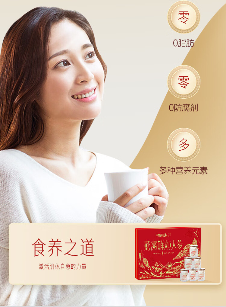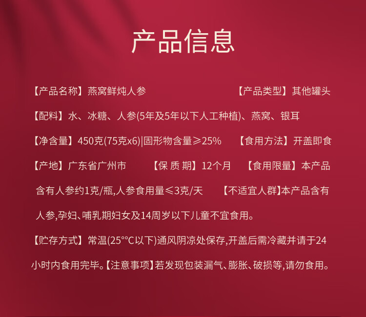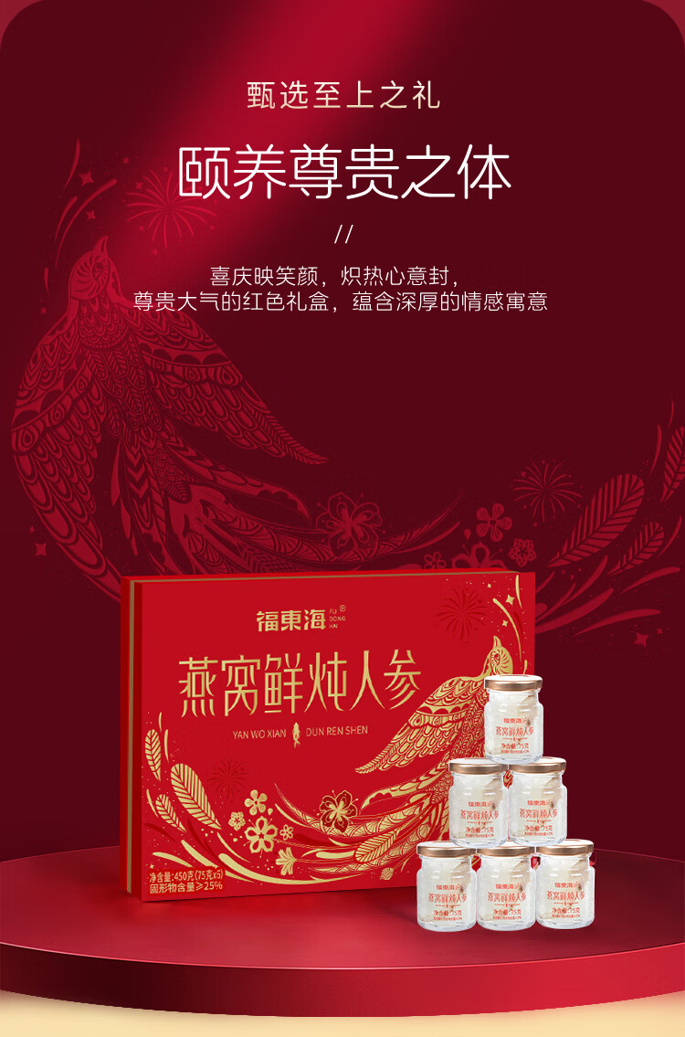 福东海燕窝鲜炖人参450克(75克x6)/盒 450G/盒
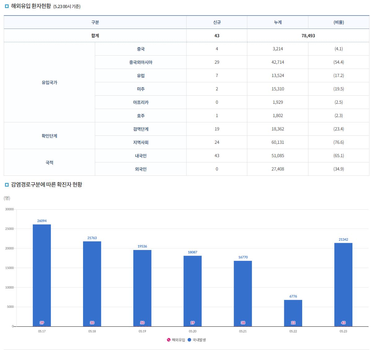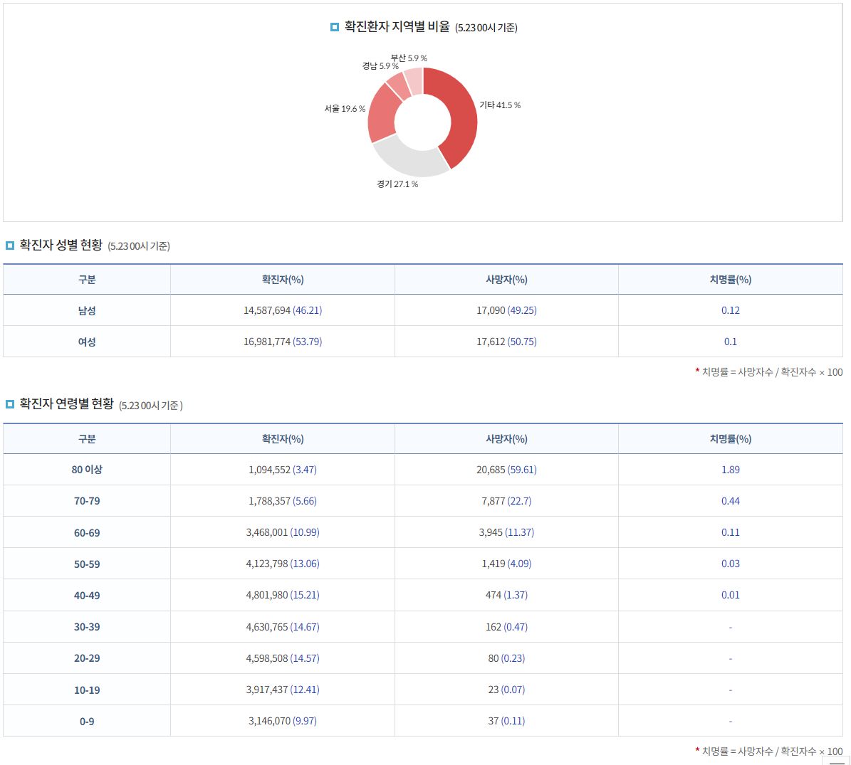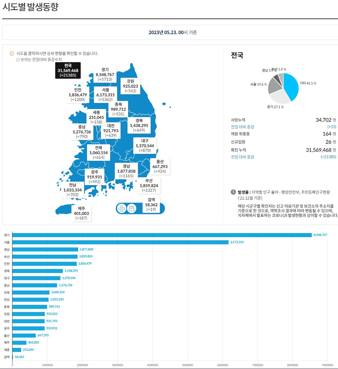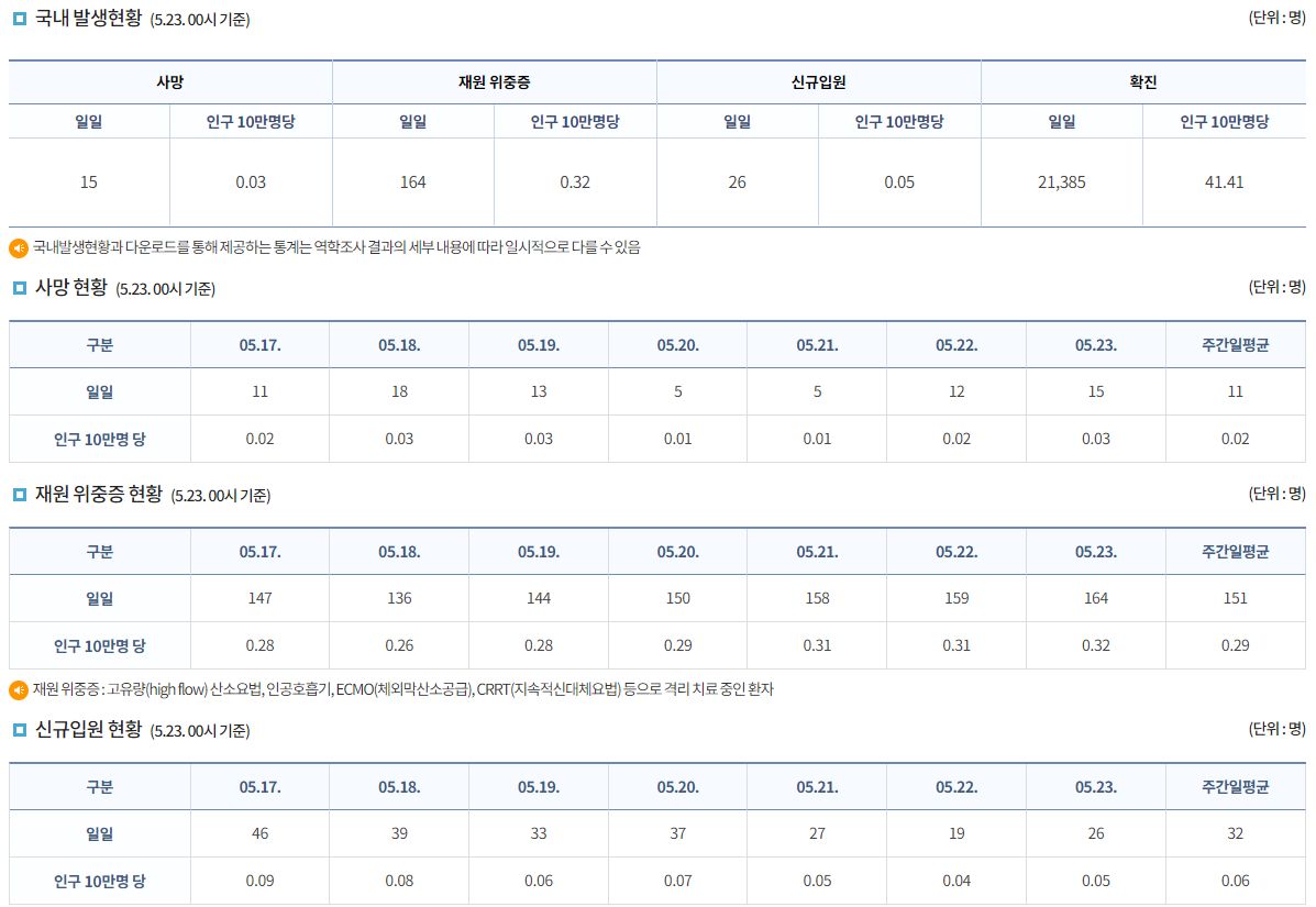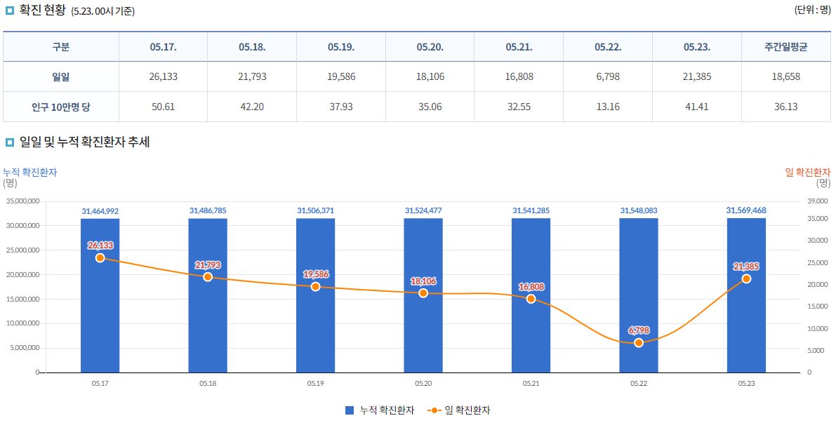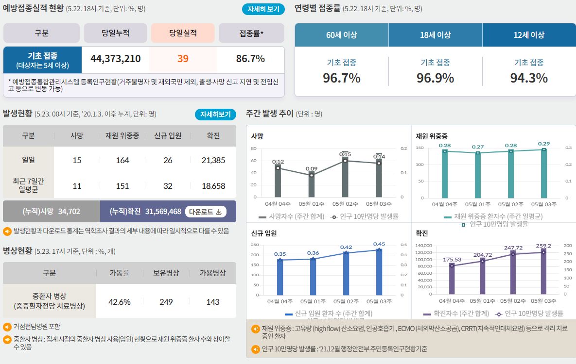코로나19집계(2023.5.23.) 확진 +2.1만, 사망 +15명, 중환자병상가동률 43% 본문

==

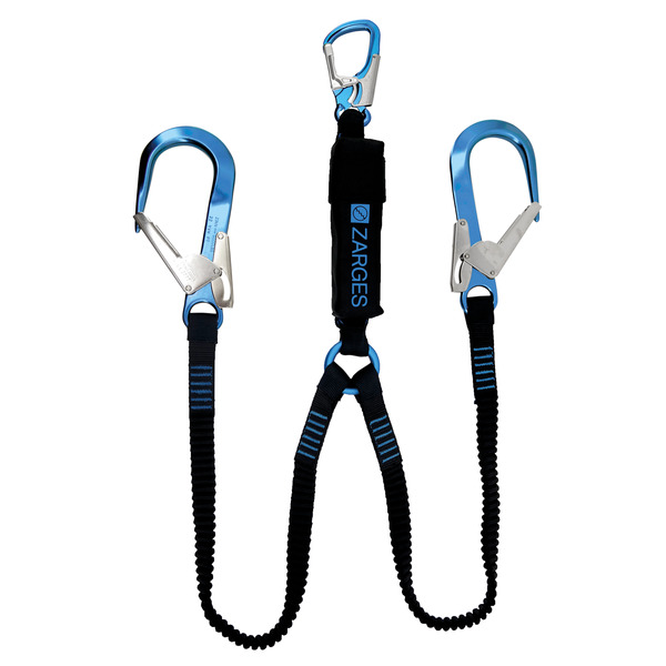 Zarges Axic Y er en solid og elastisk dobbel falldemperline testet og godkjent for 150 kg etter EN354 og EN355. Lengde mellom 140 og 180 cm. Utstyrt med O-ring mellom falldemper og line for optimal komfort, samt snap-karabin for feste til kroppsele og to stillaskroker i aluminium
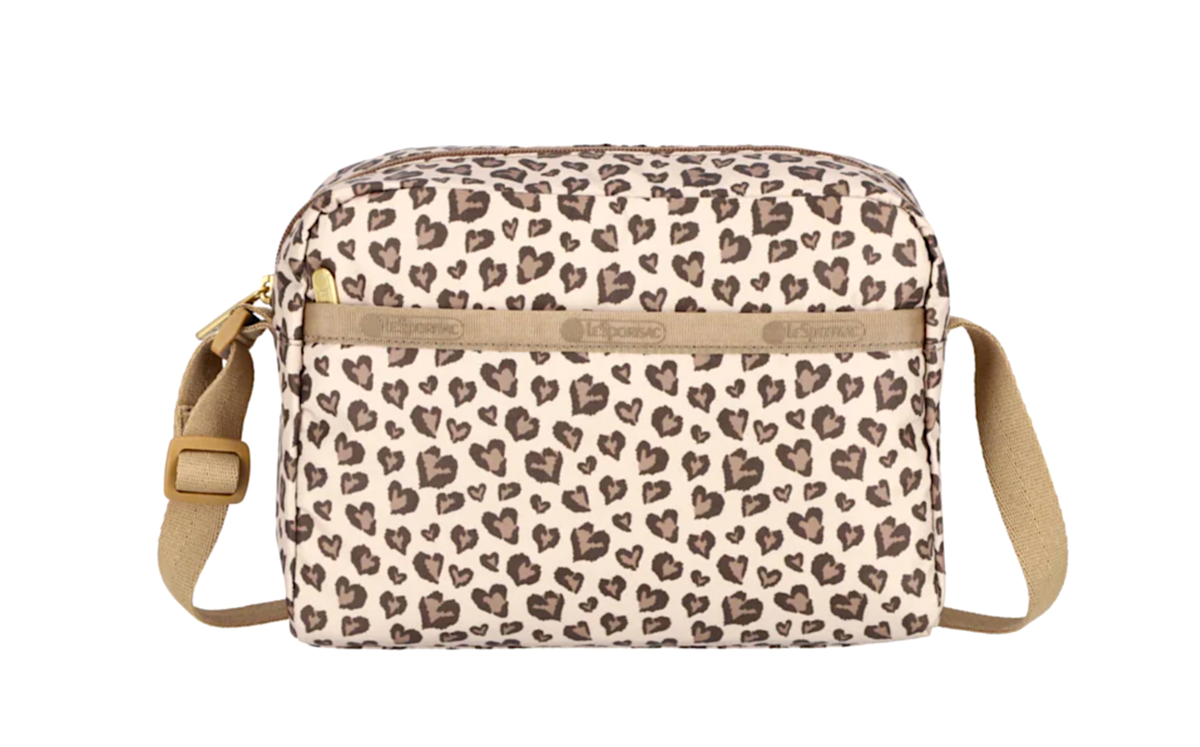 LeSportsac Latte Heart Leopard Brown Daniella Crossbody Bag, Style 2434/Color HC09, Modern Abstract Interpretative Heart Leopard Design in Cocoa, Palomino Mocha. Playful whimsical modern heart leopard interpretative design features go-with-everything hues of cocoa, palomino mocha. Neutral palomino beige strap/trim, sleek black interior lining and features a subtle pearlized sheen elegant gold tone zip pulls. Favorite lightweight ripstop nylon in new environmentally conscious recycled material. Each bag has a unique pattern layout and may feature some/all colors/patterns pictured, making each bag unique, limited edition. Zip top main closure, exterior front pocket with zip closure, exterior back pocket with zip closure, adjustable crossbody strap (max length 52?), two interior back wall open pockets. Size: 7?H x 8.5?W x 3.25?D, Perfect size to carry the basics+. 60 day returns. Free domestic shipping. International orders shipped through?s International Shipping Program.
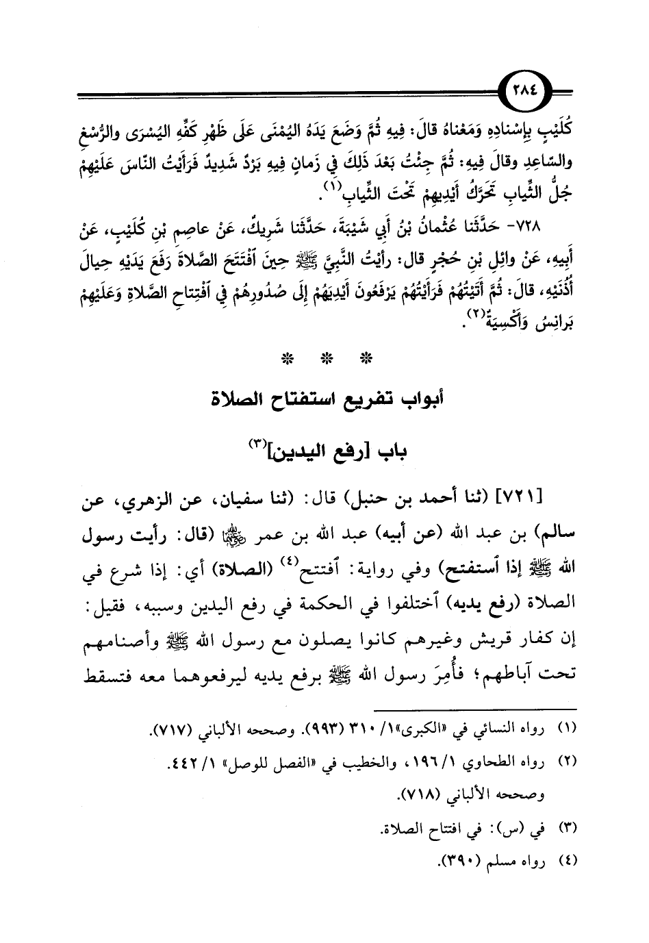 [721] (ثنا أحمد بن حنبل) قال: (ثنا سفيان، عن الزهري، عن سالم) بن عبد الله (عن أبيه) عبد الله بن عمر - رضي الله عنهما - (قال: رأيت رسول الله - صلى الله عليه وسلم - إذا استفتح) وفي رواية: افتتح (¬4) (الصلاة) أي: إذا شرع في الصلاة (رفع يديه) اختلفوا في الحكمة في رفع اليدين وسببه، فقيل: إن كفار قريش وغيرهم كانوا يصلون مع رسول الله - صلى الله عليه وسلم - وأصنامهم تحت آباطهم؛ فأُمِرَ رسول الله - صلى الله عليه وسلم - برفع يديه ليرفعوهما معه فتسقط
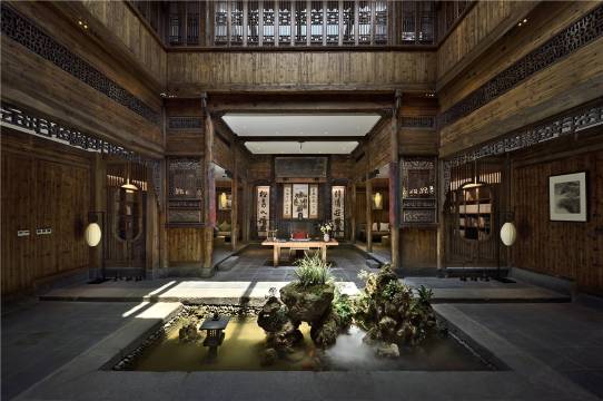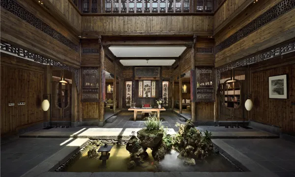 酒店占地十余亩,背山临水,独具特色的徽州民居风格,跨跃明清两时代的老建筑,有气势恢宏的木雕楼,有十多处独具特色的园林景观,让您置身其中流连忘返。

*DIRECTIONS FOR THIS TASK*
Working from the records above, set down word for word everything from the line containing "LeSportsac Latte Heart" down to the line containing "酒店占地十余亩,背山临水,独", ends included, minus the pictures.

*RESPONSE*
 LeSportsac Latte Heart Leopard Brown Daniella Crossbody Bag, Style 2434/Color HC09, Modern Abstract Interpretative Heart Leopard Design in Cocoa, Palomino Mocha. Playful whimsical modern heart leopard interpretative design features go-with-everything hues of cocoa, palomino mocha. Neutral palomino beige strap/trim, sleek black interior lining and features a subtle pearlized sheen elegant gold tone zip pulls. Favorite lightweight ripstop nylon in new environmentally conscious recycled material. Each bag has a unique pattern layout and may feature some/all colors/patterns pictured, making each bag unique, limited edition. Zip top main closure, exterior front pocket with zip closure, exterior back pocket with zip closure, adjustable crossbody strap (max length 52?), two interior back wall open pockets. Size: 7?H x 8.5?W x 3.25?D, Perfect size to carry the basics+. 60 day returns. Free domestic shipping. International orders shipped through?s International Shipping Program.
 [721] (ثنا أحمد بن حنبل) قال: (ثنا سفيان، عن الزهري، عن سالم) بن عبد الله (عن أبيه) عبد الله بن عمر - رضي الله عنهما - (قال: رأيت رسول الله - صلى الله عليه وسلم - إذا استفتح) وفي رواية: افتتح (¬4) (الصلاة) أي: إذا شرع في الصلاة (رفع يديه) اختلفوا في الحكمة في رفع اليدين وسببه، فقيل: إن كفار قريش وغيرهم كانوا يصلون مع رسول الله - صلى الله عليه وسلم - وأصنامهم تحت آباطهم؛ فأُمِرَ رسول الله - صلى الله عليه وسلم - برفع يديه ليرفعوهما معه فتسقط
 酒店占地十余亩,背山临水,独具特色的徽州民居风格,跨跃明清两时代的老建筑,有气势恢宏的木雕楼,有十多处独具特色的园林景观,让您置身其中流连忘返。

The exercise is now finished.